**Your task:** Could you print exactly the lines of the listing below, starting at the line that has "a 3-digit number" and ending at the line that has "such numbers. If", and only those lines?

+++ Records provided +++

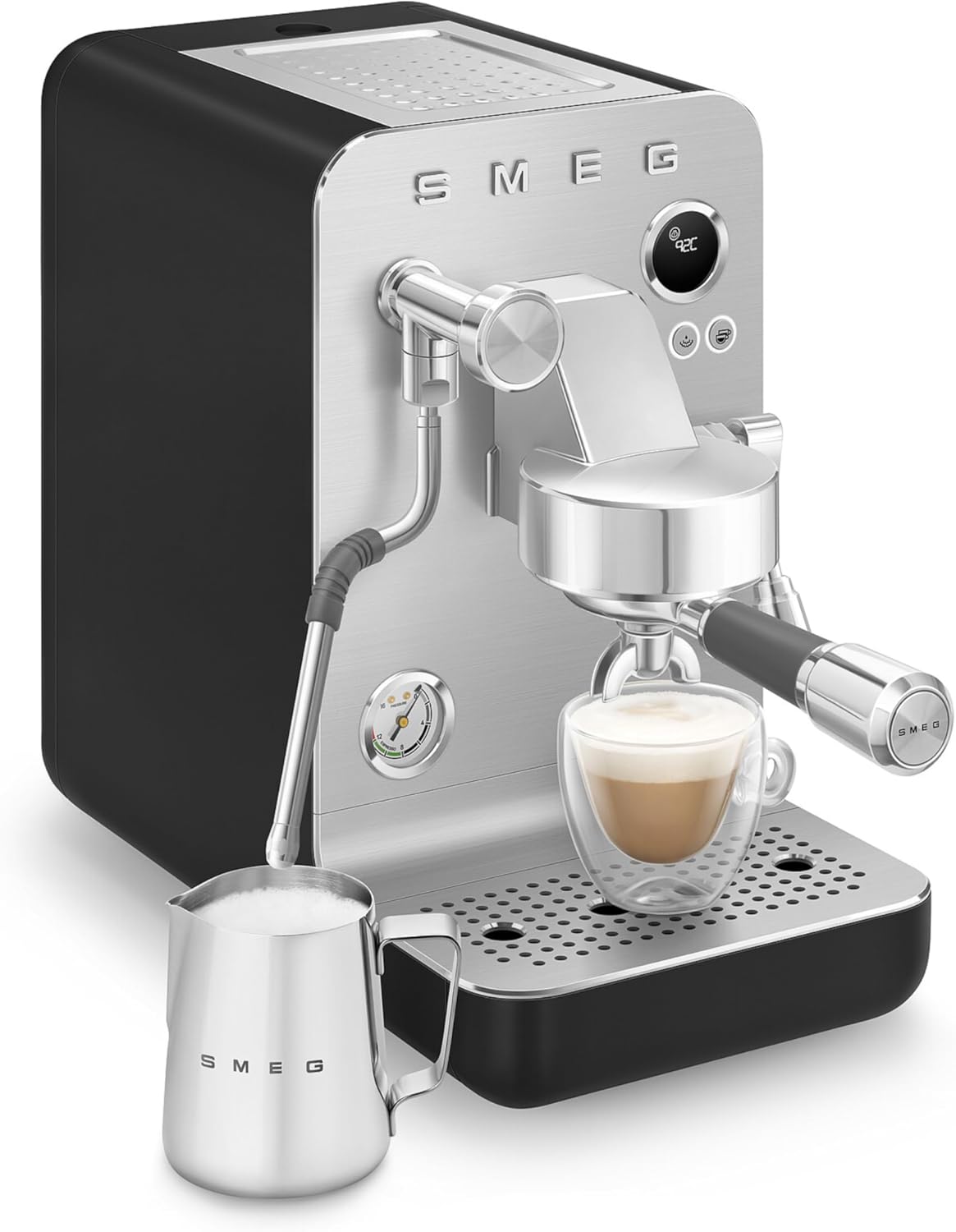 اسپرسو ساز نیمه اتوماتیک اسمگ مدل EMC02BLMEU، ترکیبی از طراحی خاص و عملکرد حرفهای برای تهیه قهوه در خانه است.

+++
+++ Records provided +++

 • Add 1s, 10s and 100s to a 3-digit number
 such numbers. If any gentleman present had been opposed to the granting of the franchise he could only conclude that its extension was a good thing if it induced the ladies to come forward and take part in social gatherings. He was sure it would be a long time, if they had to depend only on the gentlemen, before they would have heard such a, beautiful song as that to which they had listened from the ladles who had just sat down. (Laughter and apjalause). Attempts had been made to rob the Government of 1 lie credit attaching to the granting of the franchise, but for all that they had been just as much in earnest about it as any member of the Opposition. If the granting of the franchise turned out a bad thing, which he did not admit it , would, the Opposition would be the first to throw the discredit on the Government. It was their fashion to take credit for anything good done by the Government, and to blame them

+++
+++ Records provided +++

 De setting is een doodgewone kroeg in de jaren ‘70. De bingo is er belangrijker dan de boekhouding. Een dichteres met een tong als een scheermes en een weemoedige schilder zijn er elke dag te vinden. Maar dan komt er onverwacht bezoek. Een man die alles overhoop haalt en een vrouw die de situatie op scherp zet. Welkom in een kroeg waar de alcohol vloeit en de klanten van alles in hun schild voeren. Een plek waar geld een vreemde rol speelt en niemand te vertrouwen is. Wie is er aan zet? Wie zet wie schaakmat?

+++

**Exercise answer:**
 • Add 1s, 10s and 100s to a 3-digit number
 such numbers. If any gentleman present had been opposed to the granting of the franchise he could only conclude that its extension was a good thing if it induced the ladies to come forward and take part in social gatherings. He was sure it would be a long time, if they had to depend only on the gentlemen, before they would have heard such a, beautiful song as that to which they had listened from the ladles who had just sat down. (Laughter and apjalause). Attempts had been made to rob the Government of 1 lie credit attaching to the granting of the franchise, but for all that they had been just as much in earnest about it as any member of the Opposition. If the granting of the franchise turned out a bad thing, which he did not admit it , would, the Opposition would be the first to throw the discredit on the Government. It was their fashion to take credit for anything good done by the Government, and to blame them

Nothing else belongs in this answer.